──────── Record set

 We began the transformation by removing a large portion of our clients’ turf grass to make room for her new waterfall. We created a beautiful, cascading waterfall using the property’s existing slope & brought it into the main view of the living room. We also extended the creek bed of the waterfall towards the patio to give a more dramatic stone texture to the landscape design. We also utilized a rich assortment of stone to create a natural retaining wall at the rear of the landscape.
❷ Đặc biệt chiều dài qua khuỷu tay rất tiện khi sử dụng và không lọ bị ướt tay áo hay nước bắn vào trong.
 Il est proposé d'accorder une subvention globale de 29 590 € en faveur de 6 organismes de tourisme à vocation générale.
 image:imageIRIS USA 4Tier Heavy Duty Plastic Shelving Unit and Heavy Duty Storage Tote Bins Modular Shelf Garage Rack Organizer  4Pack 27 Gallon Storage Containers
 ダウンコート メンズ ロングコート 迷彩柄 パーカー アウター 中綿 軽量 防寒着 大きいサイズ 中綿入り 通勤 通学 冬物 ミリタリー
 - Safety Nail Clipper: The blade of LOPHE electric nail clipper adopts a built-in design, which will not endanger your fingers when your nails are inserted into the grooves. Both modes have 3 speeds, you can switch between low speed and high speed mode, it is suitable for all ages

────────────────
──────── Record set

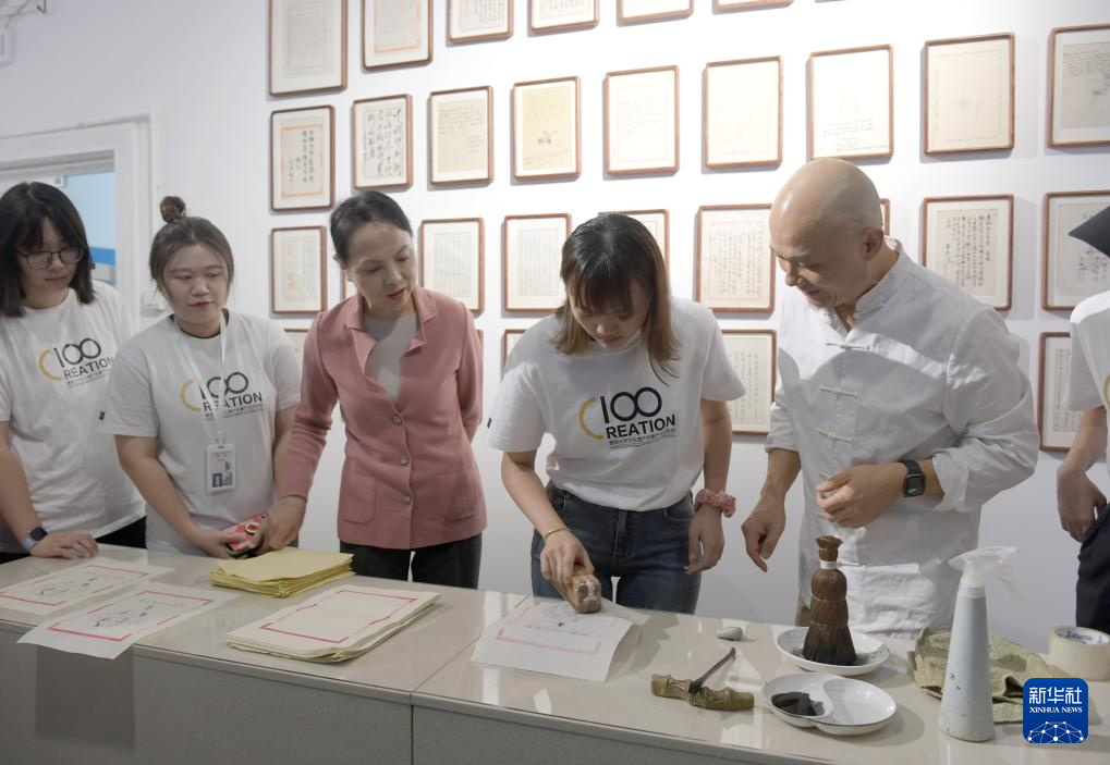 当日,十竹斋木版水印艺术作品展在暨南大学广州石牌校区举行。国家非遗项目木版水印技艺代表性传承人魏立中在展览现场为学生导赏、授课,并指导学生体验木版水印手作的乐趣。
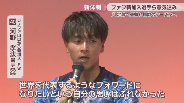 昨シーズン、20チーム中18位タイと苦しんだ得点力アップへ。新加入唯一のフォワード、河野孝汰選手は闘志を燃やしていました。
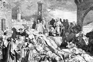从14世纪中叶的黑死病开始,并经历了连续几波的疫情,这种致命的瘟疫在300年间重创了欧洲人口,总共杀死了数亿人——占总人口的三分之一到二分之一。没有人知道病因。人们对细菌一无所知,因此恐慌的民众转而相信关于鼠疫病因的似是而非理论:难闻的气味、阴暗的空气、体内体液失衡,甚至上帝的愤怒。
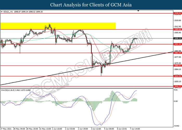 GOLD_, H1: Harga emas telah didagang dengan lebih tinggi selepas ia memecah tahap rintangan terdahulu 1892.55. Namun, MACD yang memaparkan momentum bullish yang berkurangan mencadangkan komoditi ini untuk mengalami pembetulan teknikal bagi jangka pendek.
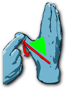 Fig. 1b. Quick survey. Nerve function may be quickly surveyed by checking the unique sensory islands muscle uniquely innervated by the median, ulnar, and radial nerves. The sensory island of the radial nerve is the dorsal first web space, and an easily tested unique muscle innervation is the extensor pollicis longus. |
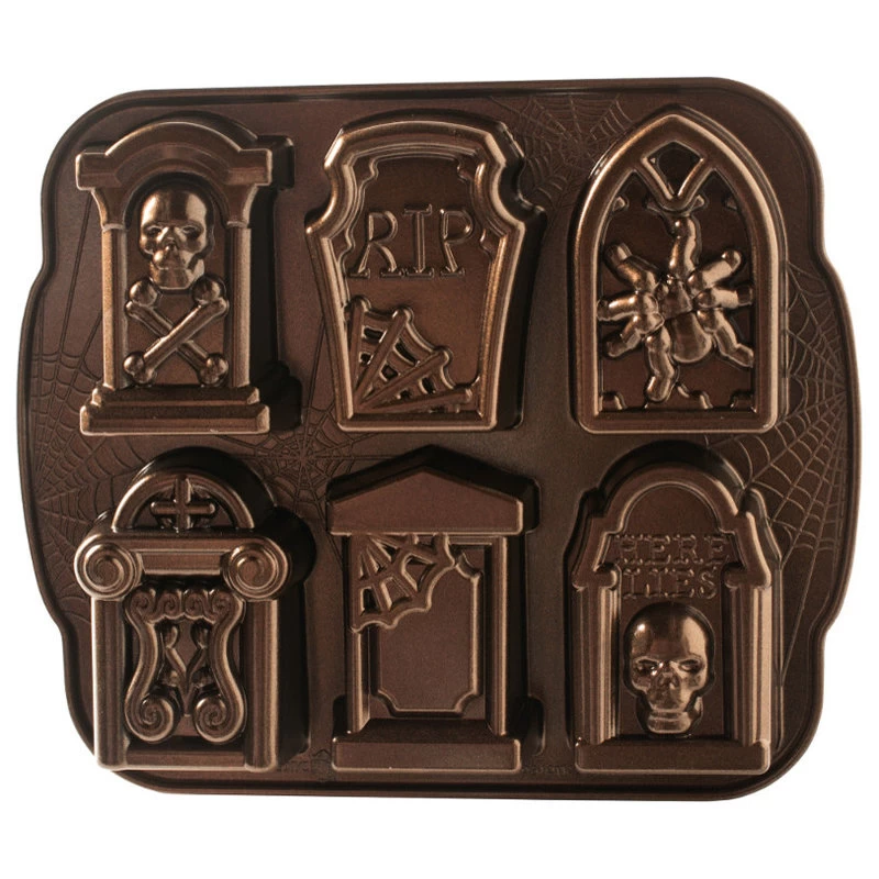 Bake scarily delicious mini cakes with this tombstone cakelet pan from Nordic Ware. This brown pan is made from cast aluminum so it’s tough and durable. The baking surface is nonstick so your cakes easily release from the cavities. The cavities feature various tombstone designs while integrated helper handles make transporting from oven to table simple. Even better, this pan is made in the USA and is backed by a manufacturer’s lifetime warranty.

────────────────

• Action item: Copy only this part of the entries above: the line with "image:imageIRIS USA 4Tier", the line with "- Safety Nail", and the lines between, all exactly as written.

• Result:
 image:imageIRIS USA 4Tier Heavy Duty Plastic Shelving Unit and Heavy Duty Storage Tote Bins Modular Shelf Garage Rack Organizer  4Pack 27 Gallon Storage Containers
 ダウンコート メンズ ロングコート 迷彩柄 パーカー アウター 中綿 軽量 防寒着 大きいサイズ 中綿入り 通勤 通学 冬物 ミリタリー
 - Safety Nail Clipper: The blade of LOPHE electric nail clipper adopts a built-in design, which will not endanger your fingers when your nails are inserted into the grooves. Both modes have 3 speeds, you can switch between low speed and high speed mode, it is suitable for all ages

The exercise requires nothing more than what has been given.